__Problem to solve__:
Return the listing exactly, please; no pictures.

__Source material__:
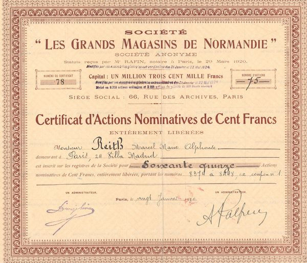 Sté "Les Grands Magasins de Normandie" (Certif Nomin d'Act 100 F)
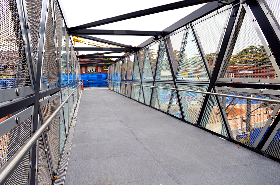 A flooring solution was required to cover the existing metal panel floor surface of the 34mtr footbridge, situated in Pennant Hills, New South Wales.
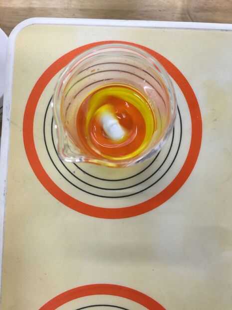 Ahora es el momento para remover la cera en el aceite. En la foto de arriba, estoy usando una placa de agitación magnética, pero mezclar a mano funciona igual de bien! Si tu tienes problemas de mezcla en la cera, trate de calentarlo otra vez unos minutos más.

__Written solution__:
 Sté "Les Grands Magasins de Normandie" (Certif Nomin d'Act 100 F)
 A flooring solution was required to cover the existing metal panel floor surface of the 34mtr footbridge, situated in Pennant Hills, New South Wales.
 Ahora es el momento para remover la cera en el aceite. En la foto de arriba, estoy usando una placa de agitación magnética, pero mezclar a mano funciona igual de bien! Si tu tienes problemas de mezcla en la cera, trate de calentarlo otra vez unos minutos más.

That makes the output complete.